In [1]:
import getpass
import os

if not os.environ.get('GOOGLE_API_KEY'):
    os.environ["GOOGLE_API_KEY"] = getpass.getpass("Enter API key for Google Gemini: ")

In [2]:
from langchain.chat_models import init_chat_model
from langchain_google_genai import GoogleGenerativeAIEmbeddings

llm = init_chat_model("gemini-2.0-flash", model_provider="google_genai")
embeddings = GoogleGenerativeAIEmbeddings(model='models/embedding-001')

In [None]:
from langchain_postgres import PGVector

connection = os.environ['POSTGRES_URL']
collection_name = "my_docs"

vector_store = PGVector(
    embeddings=embeddings,
    collection_name=collection_name,
    connection=connection,
    use_jsonb=True,
)

In [4]:
import bs4
from tqdm import tqdm
import requests
from langchain import hub
from langchain_community.document_loaders import WebBaseLoader
from langchain_core.documents import Document
from langchain_text_splitters import RecursiveCharacterTextSplitter
from langgraph.graph import START, StateGraph
from typing_extensions import List, TypedDict

USER_AGENT environment variable not set, consider setting it to identify your requests.


In [5]:
url = "https://www.ams.usda.gov/selling-food/product-specs"
source = requests.get(url)
soup = bs4.BeautifulSoup(source.text, "html.parser")

In [6]:
vegetable_pdfs = [
    tag.get('href') for tag in soup.find_all("a")
    if tag.get('href', '').endswith('.pdf')
]
vegetable_pdfs

['/sites/default/files/media/qasp.pdf',
 '/sites/default/files/media/AnimalHandlingandWelfareApril2025.pdf',
 '/sites/default/files/media/FPPS_AHW_November2020.pdf',
 '/sites/default/files/media/BJENYKosherResource.pdf',
 '/sites/default/files/media/CommoditySpecificationforCannedFruitJune2023_0.pdf',
 '/sites/default/files/media/CommoditySpecificationforCannedFruitAugust2021.pdf',
 '/sites/default/files/media/Commodity_Specification_for_Canned_Fruit_May_2021.pdf',
 '/sites/default/files/media/Amendment_1_to_the_Commodity_Specification_for_Canned_Fruit_June_2021.pdf',
 '/sites/default/files/media/CommoditySpecificationforCannedFruitMarch2020.pdf',
 '/sites/default/files/media/CommoditySpecificationforCannedFruitMarch2019.pdf',
 '/sites/default/files/media/CommoditySpecificationforFrozenFruitFebruary2022.pdf',
 '/sites/default/files/media/CommoditySpecificationsforFrozenFruitApril2020.pdf',
 '/sites/default/files/media/FinalSection32SpecificationforMandarinOrangesandTangerines.pdf',
 '/

In [7]:
from langchain_community.document_loaders import PyPDFLoader

text_splitter = RecursiveCharacterTextSplitter(
    chunk_size=1000, 
    chunk_overlap=200
)

for subdomain in tqdm(vegetable_pdfs):
    pages = []
    url = f"https://www.ams.usda.gov/{subdomain}"
    loader = PyPDFLoader(url)
    async for page in loader.alazy_load():
        pages.append(page)
    
    splits = text_splitter.split_documents(pages)
    
    _ = vector_store.add_documents(documents = splits)

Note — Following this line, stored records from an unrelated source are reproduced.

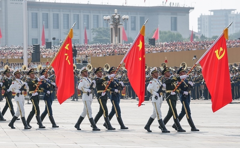 9月3日,紀(jì)念中國人民抗日戰(zhàn)爭暨世界反法西斯戰(zhàn)爭勝利80周年大會(huì)在北京隆重舉行。這是戰(zhàn)旗方隊(duì)接受檢閱。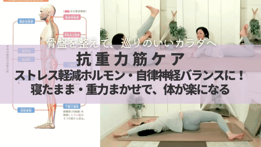 背中側が軽く・骨盤が立ち上がる・呼吸が広がる・血流が良くなる=自律神経バランス良好へ。背中側の疲れ・骨盤が立たないももの付け根の縮み・膨らむお腹…女性特有の体の辛さは体にかかる重力負担にある。気になる骨盤底・内臓(膣)下垂・お腹の冷え・生理痛・PMS・生理中の重さに。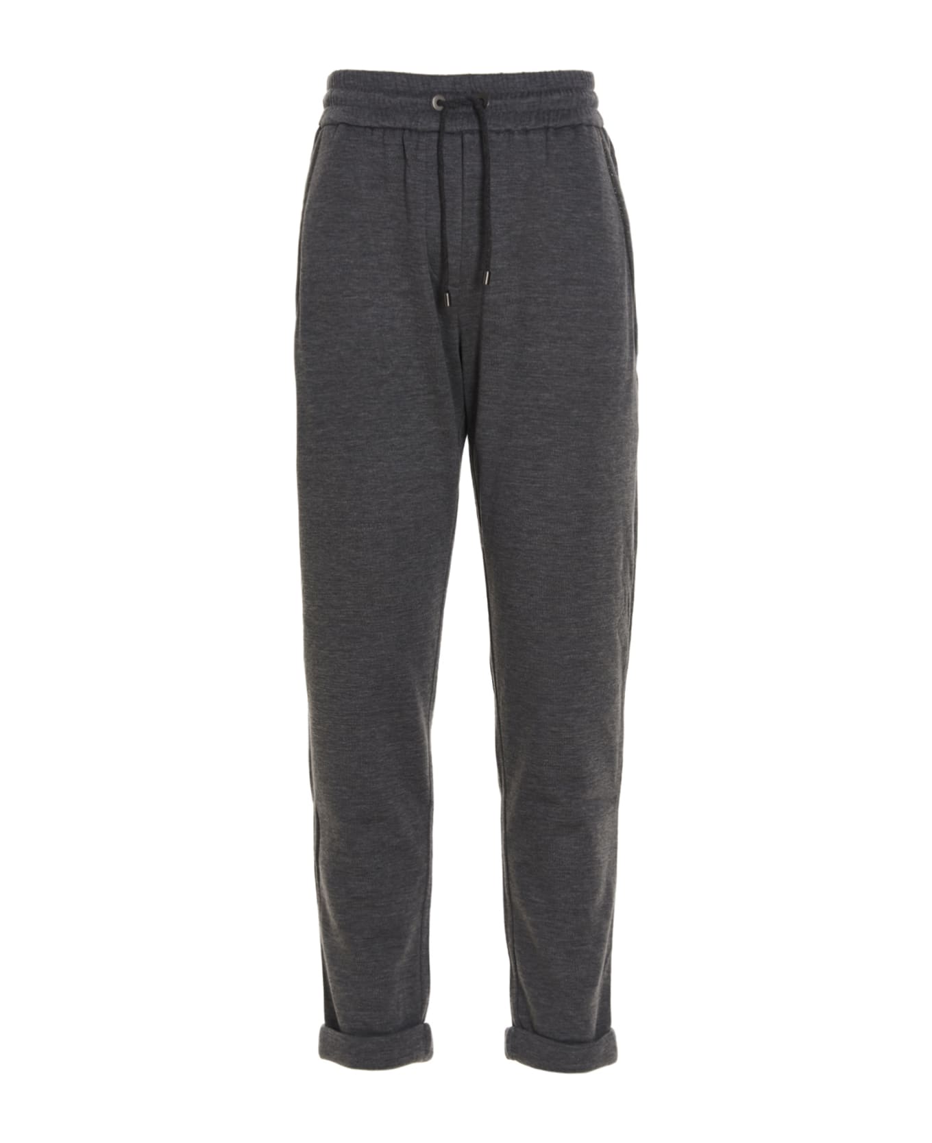 Jersey joggers with drawstring elastic waistband, 'Monile' pocket trims and turn-up hem. Composition: 67% cotton 31% silk 2% polyamide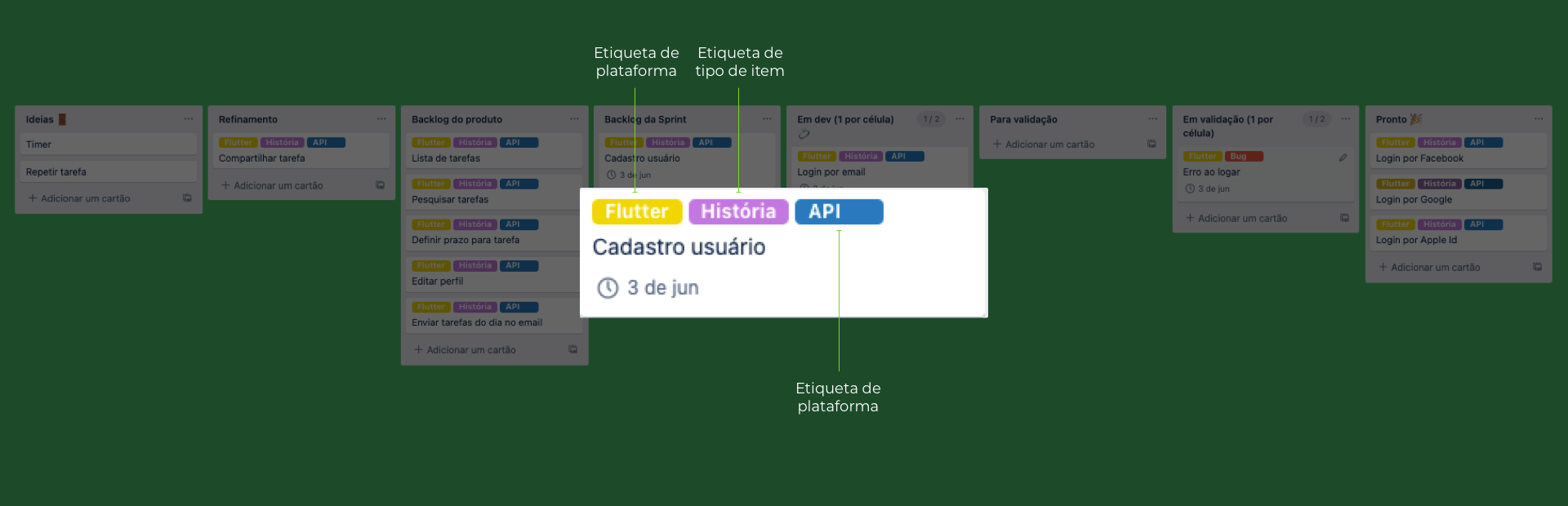 Outro ponto importante é deixar visível os tipos de itens de trabalho (demanda) e a tecnologia a ser desenvolvida. No Trello, utilizamos o recurso de etiquetas para evidenciar, como pode ser visto na imagem abaixo.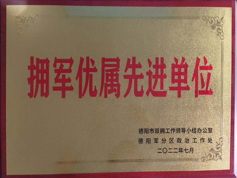 德陽(yáng)市雙擁工作領(lǐng)導(dǎo)小組辦公室、德陽(yáng)軍分區(qū)政治工作處授予中江公司2022年度“擁軍優(yōu)屬先進(jìn)單位”榮譽(yù)稱號(hào)
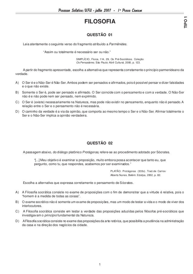 Ufu 2007 2 Prova Completa 1a Fase 1a Dia C Gabarito
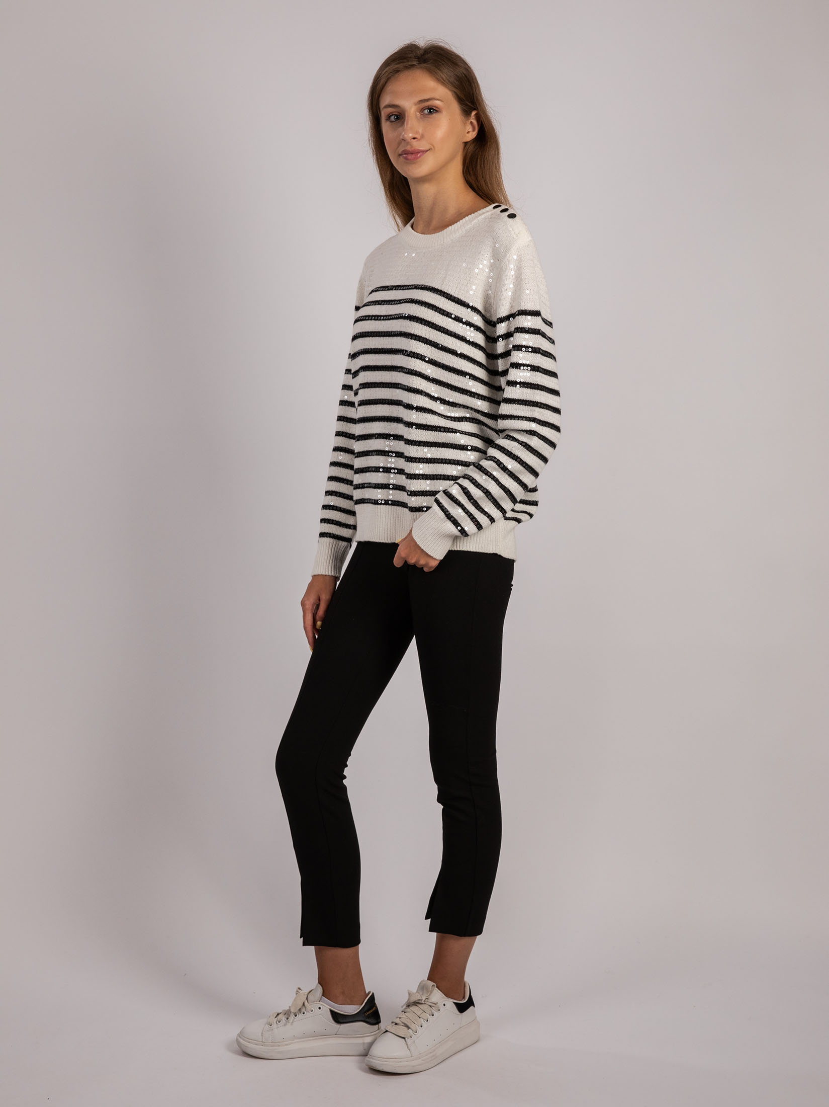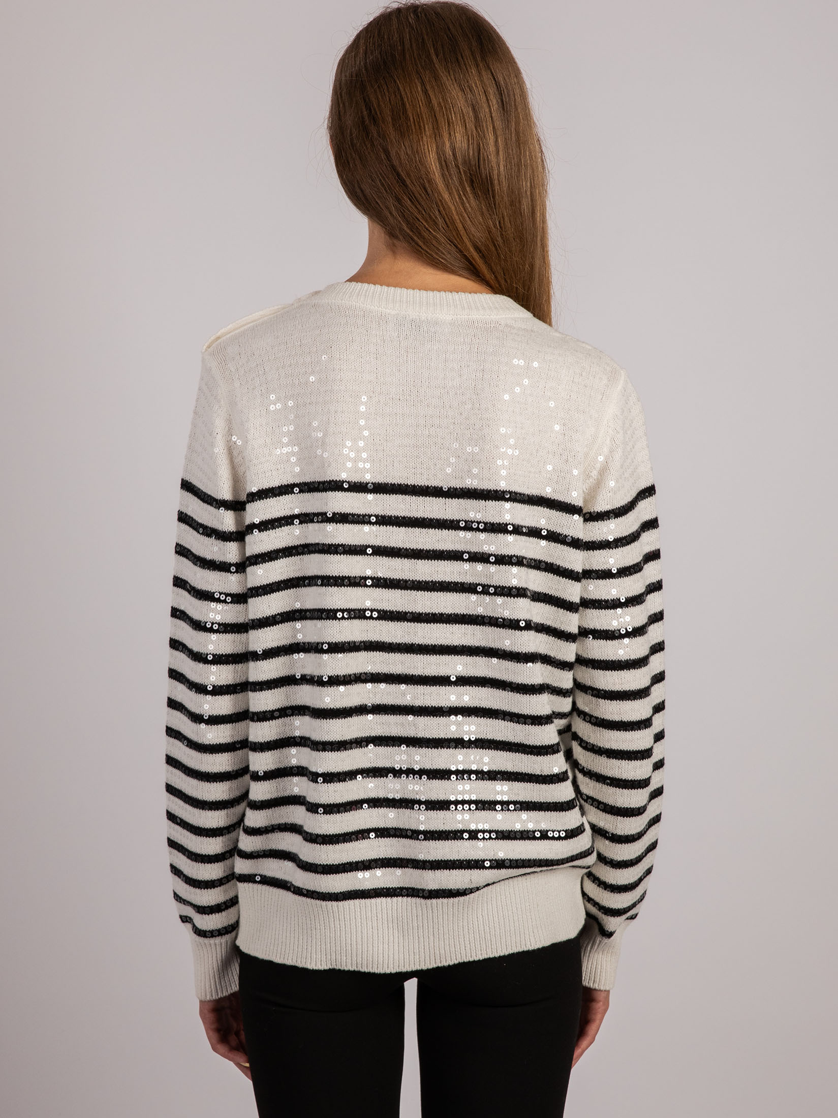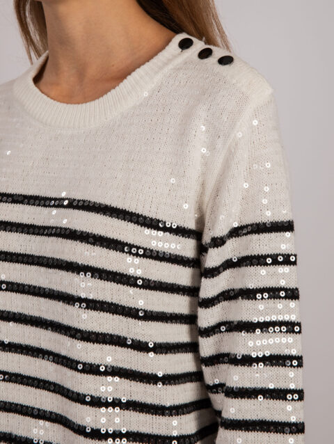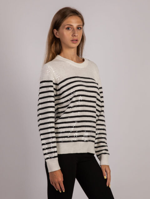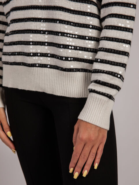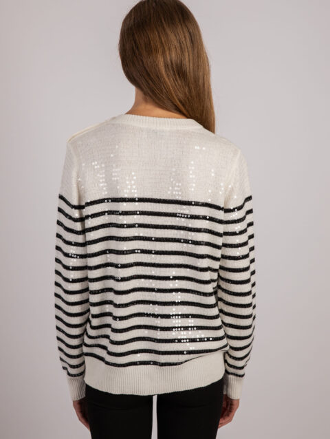 • Schwarz-weißer Pullover mit Streifen und Pailletten allover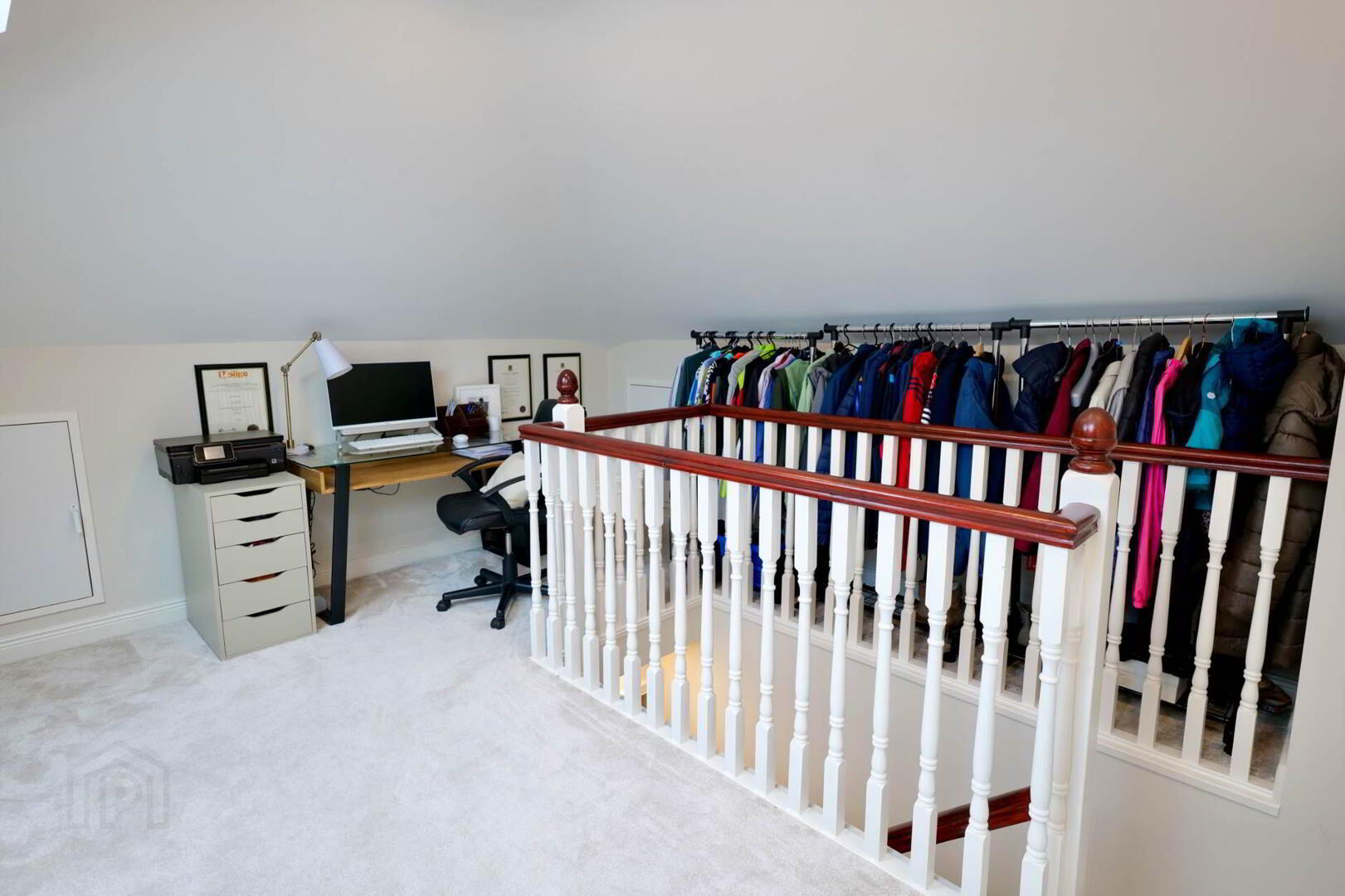 Velux windows, electric heating, extra storage in alcoves, carpet flooring

100%|██████████| 158/158 [05:45<00:00,  2.19s/it]


In [8]:
prompt = hub.pull(
    "rlm/rag-prompt",
    api_url = "https://api.smith.langchain.com",
)

In [9]:
class State(TypedDict):
    question: str
    context: List[Document]
    answer: str

def retrieve(state: State):
    retrieved_docs = vector_store.similarity_search(state['question'])
    return {"context": retrieved_docs}

def generate(state: State):
    docs_content = "\n\n".join(doc.page_content for doc in state['context'])
    messages = prompt.invoke({
        'question': state['question'],
        'context': docs_content
    })
    response = llm.invoke(messages)
    return {'answer': response.content}

In [10]:
graph_builder = StateGraph(State).add_sequence([retrieve, generate])
graph_builder.add_edge(START, "retrieve")
graph = graph_builder.compile()

In [17]:
from IPython.display import display, Markdown

print("Enter your agricultural tech specification question:")
question = input("Question: ")
response = graph.invoke({"question": question})
display(Markdown(f"**Answer:**\n\n{response['answer']}"))

Enter your agricultural tech specification question:


**Answer:**

Shell egg packaging must use clean, new materials without objectionable odors. The packing materials must be tamper-evident and withstand humidity, temperature, handling, shipping, stacking, and storage. Final closure of fiberboard shipping containers requires a secure, tamper-evident seal using specified tapes applicable to refrigerated temperatures.